The library provides:

Synchronous client (CodalClient) for Codal's search API
Asynchronous client (AsyncCodalClient) for high‑throughput scraping
Data processing pipeline (DataProcessor) for cleaning, filtering, aggregating and exporting results
Board member scraper (BoardMemberScraper) for detailed هیئت‌مدیره information using Playwright/Crawlee
Utilities for Persian dates, text normalization, caching, and rate limiting

The codebase is structured as a reusable package (src/codal_scraper) with example scripts in examples/ and tests in tests/.

Installation

From source (this repo)

git clone https://github.com/mohapak/codal_scraper.git
cd codal_scraper
python -m venv .venv
source .venv/bin/activate  # On Windows: .venv\Scripts\activate
pip install -U pip
pip install -r requirements.txt

If you later publish to PyPI, users will be able to install with:

pip install codal_scraper

Optional extras

Some features are optional and require extra dependencies:

Async board scraping (BoardMemberScraper): crawlee[playwright], playwright
Network visualization: pyvis

You can install everything (for development) with:

pip install -r requirements.txt

Quick start

Synchronous: search Codal and export to Excel

from pathlib import Path
from codal_scraper import CodalClient, DataProcessor

output_dir = Path("output")
output_dir.mkdir(exist_ok=True)

# Search for هیئت‌مدیره changes (letter code ن-45) in a date range
with CodalClient() as client:
    letters = client.search_board_changes(
        from_date="1402/01/01",
        to_date="1402/12/29",
        max_pages=5,
    )

processor = DataProcessor(letters)
processor.add_letter_descriptions()
processor.to_excel(output_dir / "board_changes.xlsx")

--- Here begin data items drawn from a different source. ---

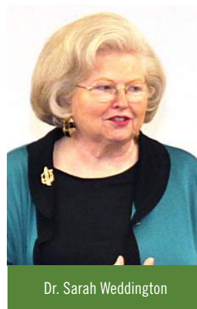
Dr. Sarah Weddington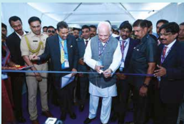
Inauguration of the exhibition hall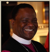
Abp. Valentino Mokiwa (Tanzania)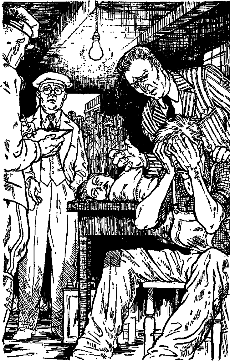
Inside the garage, someone was crying, 'Oh, my God, oh, my God,' over and over again.

here. That yellow car I was driving this afternoon wasn't mine, do you hear?'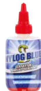
OG7201 Nylog Sealant 30ml

Compatible with all refrigerants, it will not contaminate the system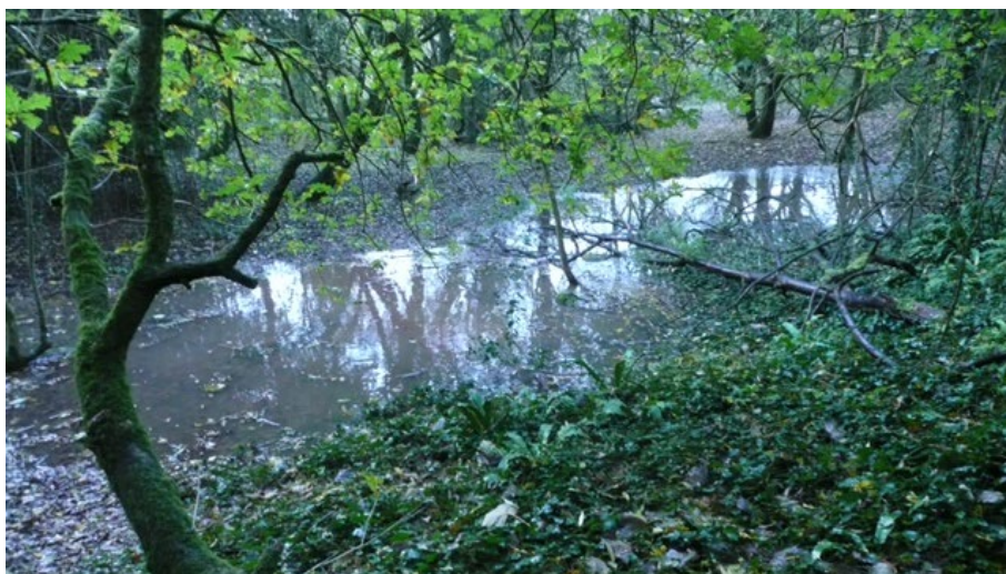
Area of Proposed Community Woodland Strategy - Pic 3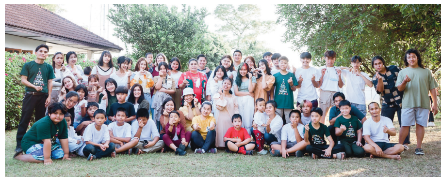
Children's Homes, Staff, & College Students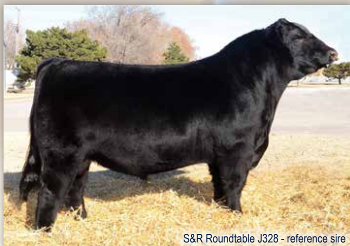
S&R Roundtable J328 - reference sire

PE to SS Great Northern H52, AAA#18300655 confirmed safe estimated due 3/2/20.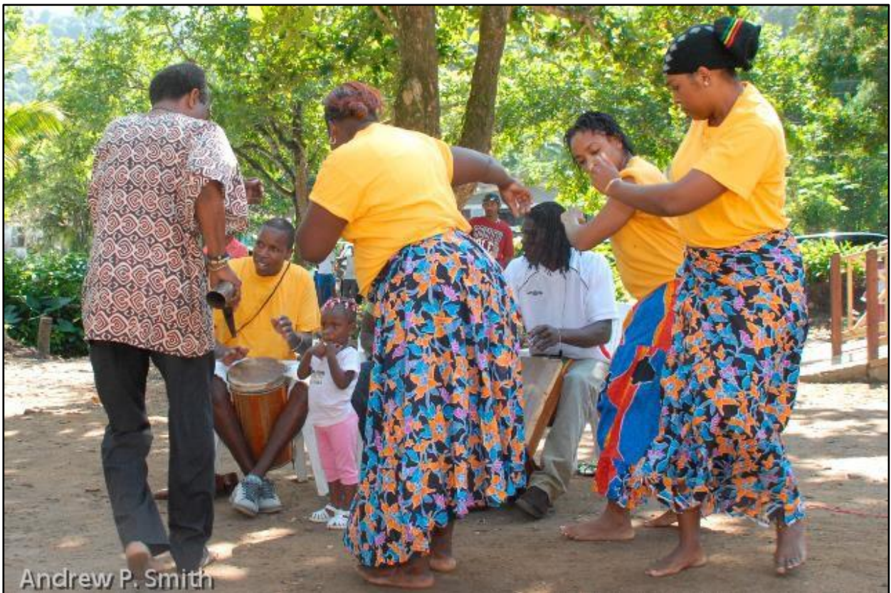
The Charles Town Maroons of the lower Buff Bay Valley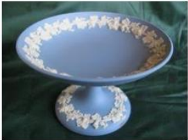
231 best Wedgwood China images o... pinterest.com

was a fine china, porcelain, and luxury accessories company founded on 1 May 1759 [1] by English potter and entrepreneur Josiah Wedgwood .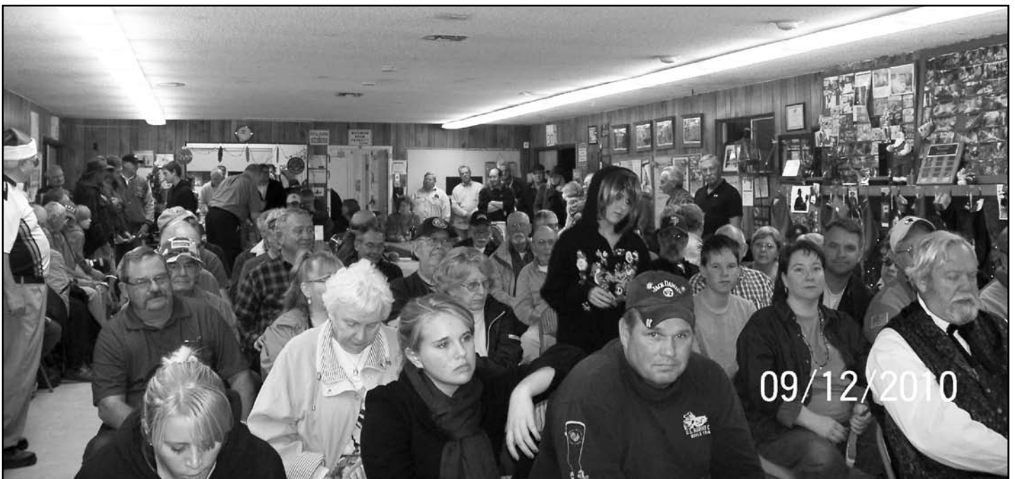
Members at the Christmas 2010 meeting.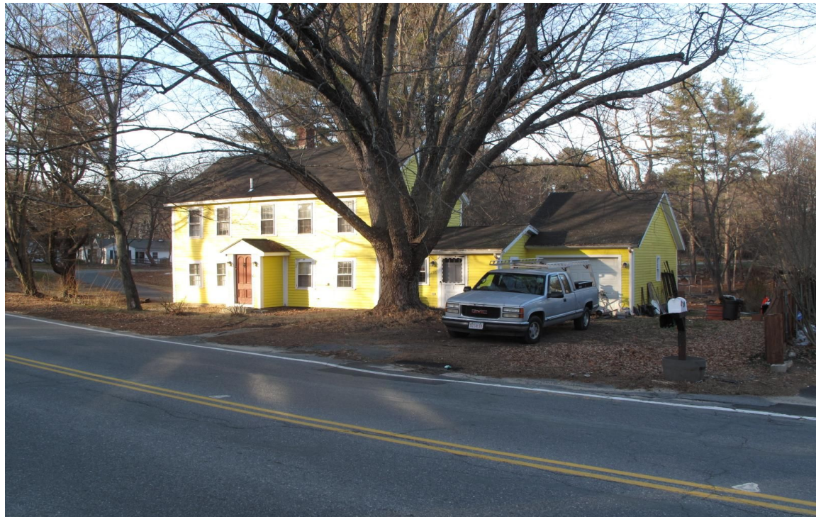
View from SE.

220 MORRISSEY BOULEVARD, BOSTON, MASSACHUSETTS 02125

The examples/basic_usage.py script contains more end‑to‑end demos:

Search board changes
Search by symbol
Fetch financial statements
Chain multiple processing steps and export to CSV/Excel/JSON/Parquet

Asynchronous: high‑throughput fetching

import asyncio
from pathlib import Path
from codal_scraper import AsyncCodalClient, DataProcessor

async def main():
    async with AsyncCodalClient(max_concurrent=5) as client:
        letters = await client.fetch_board_changes(
            from_date="1402/01/01",
            to_date="1402/12/29",
            max_pages=20,
        )

    processor = DataProcessor(letters)
    processor.add_letter_descriptions()
    processor.to_excel(Path("output") / "async_board_changes.xlsx")

asyncio.run(main())

See examples/async_usage.py for:

Basic async fetching
Fetching multiple symbols concurrently
Progress reporting
Comparing sync vs async performance

Scraping detailed board member data (هیئت‌مدیره)

import asyncio
from pathlib import Path
from codal_scraper import CodalClient, BoardMemberScraper

async def main():
    output_dir = Path("output")
    output_dir.mkdir(exist_ok=True)

    # 1) Get board‑change announcements and URLs
    with CodalClient() as client:
        letters = client.search_board_changes(
            from_date="1402/06/01",
            to_date="1402/12/29",
            max_pages=5,
        )
        urls = client.extract_letter_urls(letters)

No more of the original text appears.